Prior to RCRC, Al-Rasheed was the Group CEO and Managing Director of King Abdullah Economic City (KAEC), which is the first publicly listed city in the world and, at the time, one of the largest private sector projects globally. During his tenure at KAEC, Al-Rasheed spearheaded the development of King Abdullah Port, which became one of the world’s 100 largest port facilities.

Before joining KAEC, he was the CFO and Deputy Governor of the Saudi Arabian General Investment Authority (now the Ministry of Investment).
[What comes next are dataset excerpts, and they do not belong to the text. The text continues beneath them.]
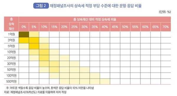 보고서를 보면 상속재산 3억 원에 대해 비과세(세율 0%)하자는 비율과 세율 5%를 선호한다는 비율이 비슷한 것으로 조사됐다. 상속재산의 액수가 적어도 어느 정도 세금을 내야 한다는 국민 인식이 깔린 것이다. 다만 상속재산 1억 원에 대해서는 비과세 답변이 우세했다.
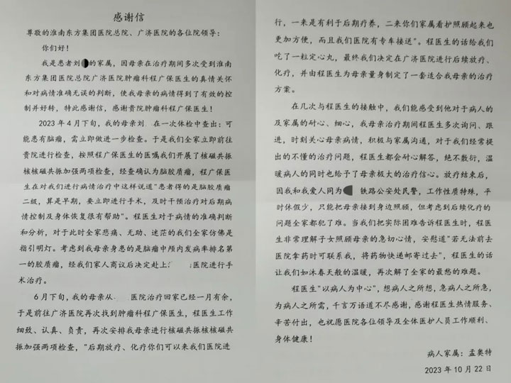 程医生的一言一行让患者和家属十分温暖,当得知老人放疗结束后,6个周期的化疗还需要定期来复诊开药时,老人一家再次犯难了。得知老人将被子女接到外省照顾,可能无法及时来开药时,程医生再次彰显了好医生的担当。“这样,你们后面如果没有办法来拿药就联系我,我开好给你们邮寄过去。”想病人所想,急病人所急。程医生的话,让患者一家再次感受到春天般的温暖,感动之余,家属将故事记录下,伴随着感谢寄到了东方医院集团总院领导的手中。
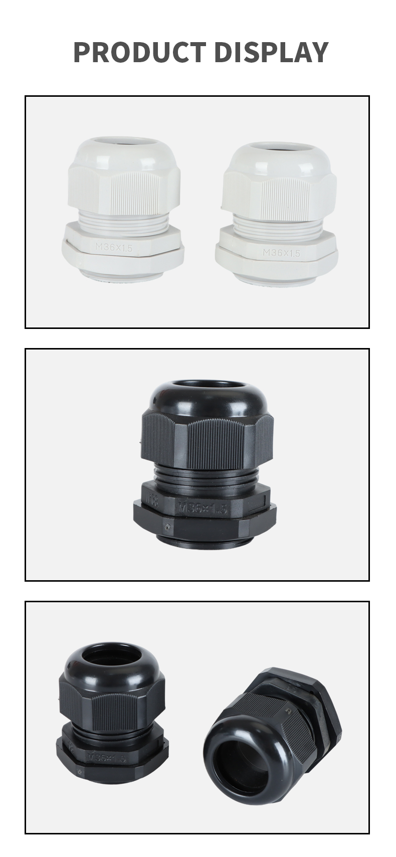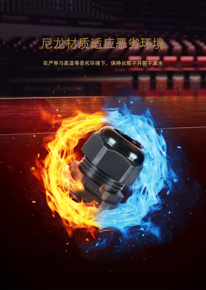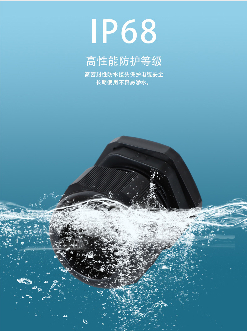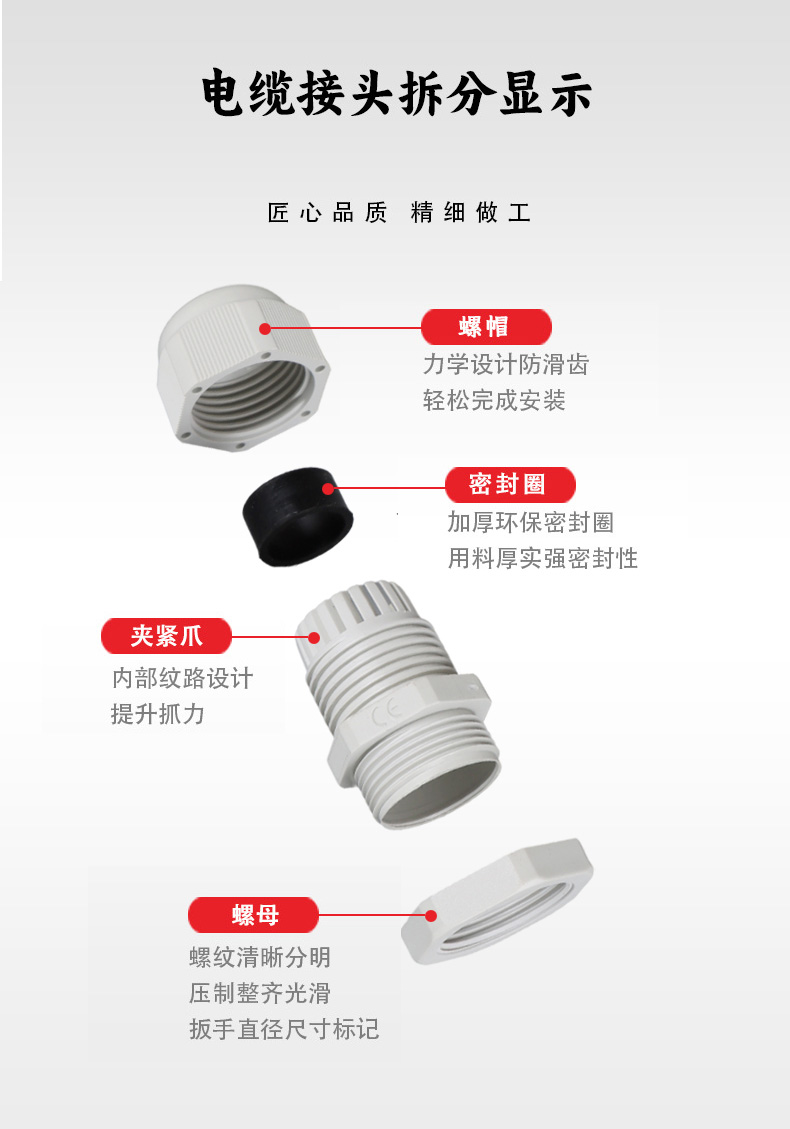 尼龍材質(zhì)適用惡劣環(huán)境紅、灰、黑、深灰、白、藍(lán) 六種顏色常規(guī):黑、灰兩種顏色,其它顏色需要定做在嚴(yán)寒與高溫等惡劣環(huán)境下,保持長期不開裂不漏水高密封性防水接頭保護(hù)電纜安全,長期使用不容易滲水
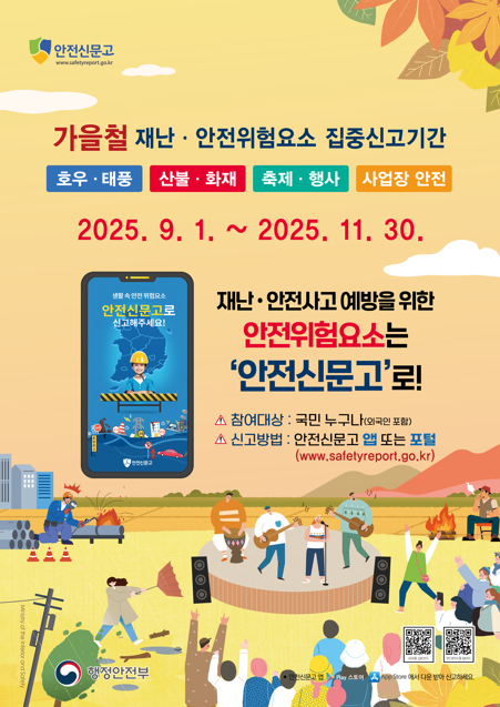 가을철 재난·안전위험요소 집중신고제 안내

==Urban Leadership Initiatives==
During the 2024 U20 Summit in Rio de Janeiro, Al-Rasheed contributed a paper on the future of Urban leadership to the official U20 book, Urban Sustainable Development: Governance, Finance and Politics, published by the Brazilian Center for International Relations (CEBRI) in collaboration with the G20. That paper formed the basis for the Master in City Administration (MCA) initiative to create an MBA-equivalent degree program for city leaders. The MCA was jointly announced at the U20 2025 Summit in Johannesburg by the Saudi Arabian delegation and the 2025 co-chairs.

==Education==
Al-Rasheed holds a Bachelor of Science in Business Administration from the Olin Business School , and an MBA from the Stanford Graduate School of Business. He is also a graduate of the Advanced Management Program in Real Estate at the Harvard Graduate School of Design.